Praying for Rain

It is no news to anyone that the Midwest, indeed, much of the United States, has been experiencing ongoing drought. (The area affected by the drought is the largest since 1956.) The lack of rain is wreaking havoc on farmland and will effect all of us.

I saw several Facebook comments yesterday that the Council for Secular Humanism was upset at a comment by U.S. Secretary of Agriculture Tom Vilsack that he gets on his knees every day and says a prayer for rain. He is not the only one; while I don’t pray on my knees, I have been praying every day for rain. (And when it rains here in the Twin Cities, I say a prayer that the rain reaches the southeastern part of the state, where my CSA farm is located.)

I confess that I am puzzled by the ire of the Council. Vilsack neither claimed that prayer was the government’s recommended response to the drought nor that anyone else should pray. So the claim that his remark was “just government entangling itself with religions” is a strange one.

It seems to me that the comment of the Council had nothing to do with constitutional concerns and everything to do with simply objecting to prayer.

I understand and accept that some people wish to lead their lives without God. While it is true that I pray for them as I pray for everyone else, their existence doesn’t offend me. And, while I hope, that by my life and example, I am able to show people that living a Christian life is something worth emulating, and I support the right of atheists to live without doing so.

What I do find offensive is the expressed goal of some atheist groups (and individual atheists) to wipe religion out of existence, the view that all of us must give up religion in order for them to be happy. One of my FB friends asserted that “because it’s the 21st Century…people must give up religious superstition, in order to proceed.”
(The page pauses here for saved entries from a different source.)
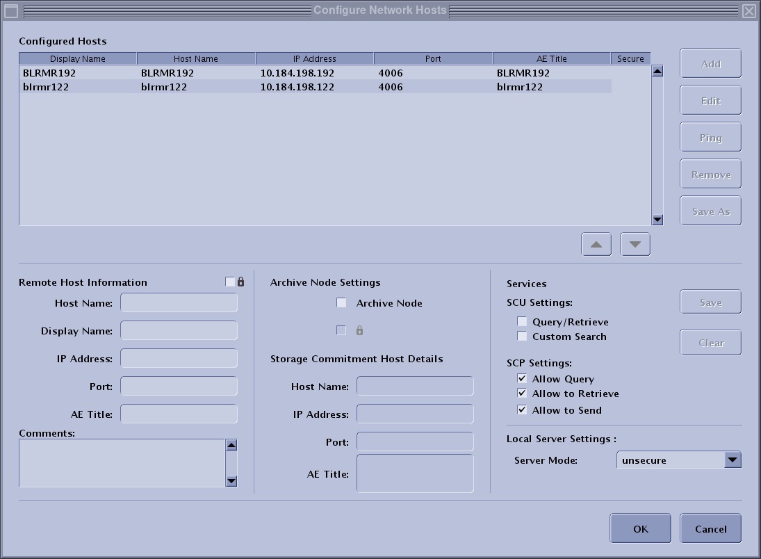 - Select the Archive Node option to place the selected node in the Archive Node List located at the bottom of the Image Management work area. Only devices or nodes that have this option checked can be used as an archive device. Not all hosts can be used as archive nodes (for example, another MR system cannot be used as an archive node, but a PACS system can be used as an archive node)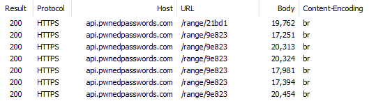 As you can see, the response sizes vary. What this means is that for an attacker sitting on the wire, even if every request was for the same hash prefix they'd have no idea which one it was as there's no observable consistency in the responses.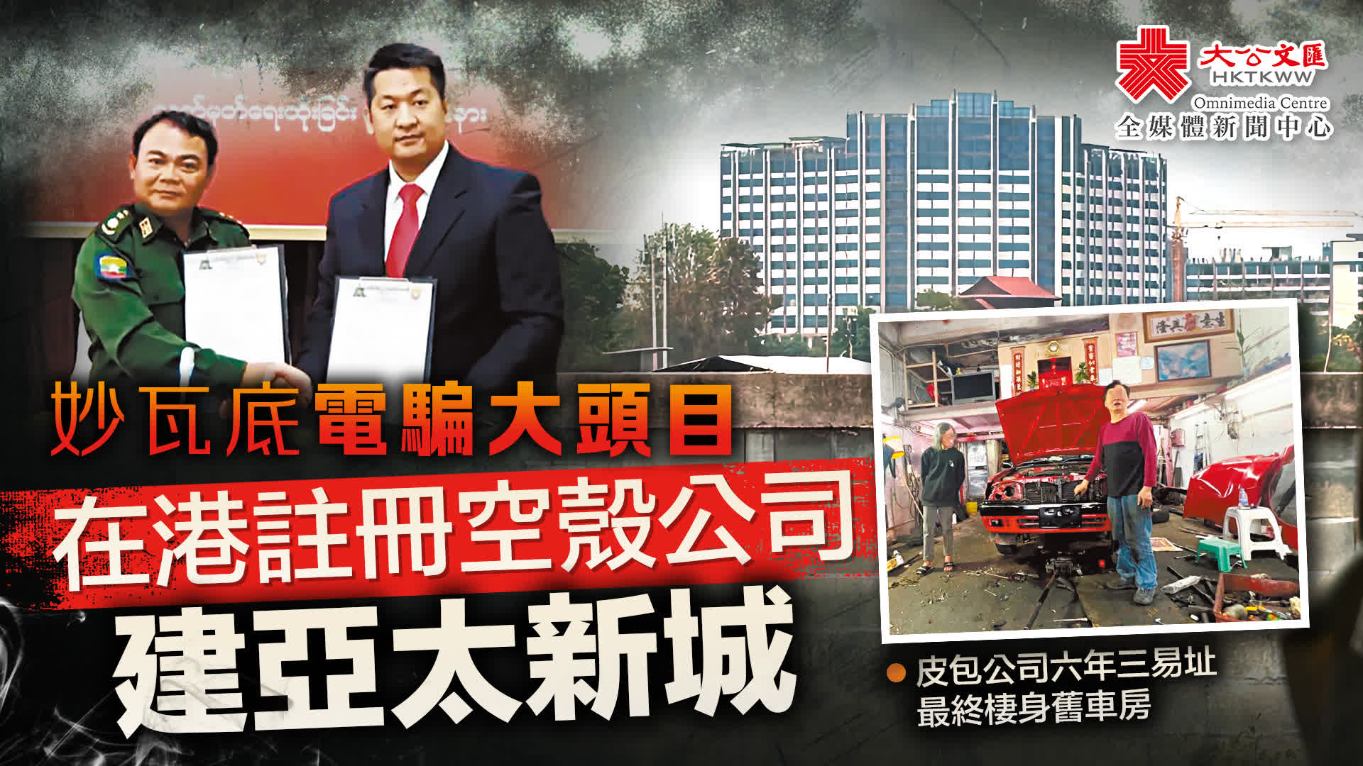 (香港文匯報 記者 廣濟)緬甸妙瓦底的亞太新城無視泰國斷電措施,自組發電機舉辦2025年春節晚會,氣焰之囂張令人側目。香港文匯報記者近日調查發現,這個作為多個電騙團夥溫床的亞太新城,主要開發商的母公司是在港註冊的香港亞太國際控股集團(下稱香港亞太),唯一股東正是惡名昭彰的KK園區電騙首腦之一佘智江。記者調查後發現,香港亞太疑是一間空殼公司,曾多次更換公司秘書,在港最後登記的辦事處竟是一間毫不起眼的車房。車房職員稱不認識香港亞太及佘智江,但不諱言老闆將車房地址借予多間公司作註冊之用。另一邊廂,全球非法活動常用的加密貨幣泰達幣,其發行公司及母公司亦在港註冊。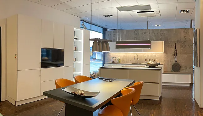 Achtung: Preis ohne TV Bildschirm, Tischgruppe und Backofen, in dieser Küche ist kein Backofen verbaut, kann auf Wunsch entsprechend geplant und eingebaut werden.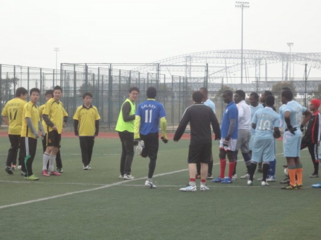 2013年3月27日15:00,成人导航 团委外事部与心引力学生会携办的交流生足球赛第二场在北区体育场继续开演。与上场相比天气好了许多,这让球员们与观众们都感到更加充满活力。学院团委书记曾令伟老师仍然来到赛场观战,为交运队员与留学生队伍加油打气。交运院队统一着装,亮黄色的队服显得格外醒目。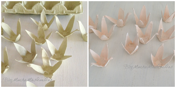 Ahora verás cómo realizar de forma sencilla una guirnalda de flores luminosas con la misma técnica de reciclaje de hueveras.
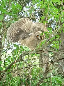 The young hatch at 2 day intervals at any point between very late April and June.[4][174] The average weight of 52 hatchlings in Montana was 18.4 g (0.65 oz).[265] Their eyes open at 5–7 days (averaging 6.4 days in Montana) and they are brooded by the mother for about 2 weeks, often while the male perches nearby and watches over. The female alone feeds the chicks. In Idaho, the male was recorded to 2.5 times more prey deliveries during nesting than did the female.[8][99][265] Injury feigning displays have been recorded at the nestling stage as an anti-predation measure.[8][9][64] Usually long-eared owls are less bold in nest defense than some other owls, Strix owls for example, but they are capable of fierce protective attack nonetheless. Nesting defense by parents increased in Italy further into breeding season, with older nestlings being defended more vigorously. Females do a majority of nest defenses. Owl pairs incurring higher levels of regular disturbance are more likely to have a milder nest defense.[4][99] During a defensive display, the parent ruffles up their plumage and partially spreads the wings to half open, trampling from one foot to the other, hissing and bill snapping and can look surprisingly large in this posture. If a perceived threat continues towards the owls, they may leap up and try to rake and grab at the threat with their talons. Even animals as large as humans may find themselves the victim of long-eared owl defensive attacks if they approach or, especially, if they climb up to a nest.[9][36] The young leave the nest at 20–27 days of age (average about 22 days) but are initially flightless, often climbing about surrounding branches. At this stage they may be referred to as "branchers".[8][264][265] Quite often the young fall to the ground, but they are usually able to climb back up using their claws and bill with heavy wing flapping. At dusk the begging branchers call to their parents with high pitched notes to indicate their location. At about 35–37 days, they are fully fledged and can fly well, but they often follow their parents and are fed by them for up to about 2 months, continuing to make high pitched calls.[8][9][265] In Slovenia, independence was gained about 50–80 days after hatching, while in Idaho it was about 45 to 56 days.[99][268]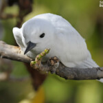 La Gygis blanche (Gygis alba) qui répond au nom local “zwazo la vierz”. Appelée également sterne blanche, elle est inféodée aux zones tropicales et niche sur les île de l’océan Indien, du Pacifique et de l’Atlantique. Sa population globale est estimée à 100 000 couples. Sur Rodrigues, la population nicheuse est faible mais stable. Elle niche dans le creux des arbres où elle dépose un seul oeuf. Le poussin possède des griffes tranchantes qui lui permettent de s’accrocher à sa branche lorsque le vent est fort.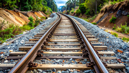Close-up of train tracks, symbolizing journey and exploration. AI generative.

There is an enormous difference between secularism and the kind of militant hostility to religion expressed by many atheists. I do think it is a legitimate subject for discussion the extent to which, for example, religious beliefs ought to have a privileged position over nonreligious beliefs – that is something we can talk about and will not necessarily agree about.

But we need to find some way to live more respectfully with people who disagree even on something so fundamental as the existence of God, because I’m pretty confident that despite anyone’s best efforts at persuasion, there will always be people who are religious and people who are not.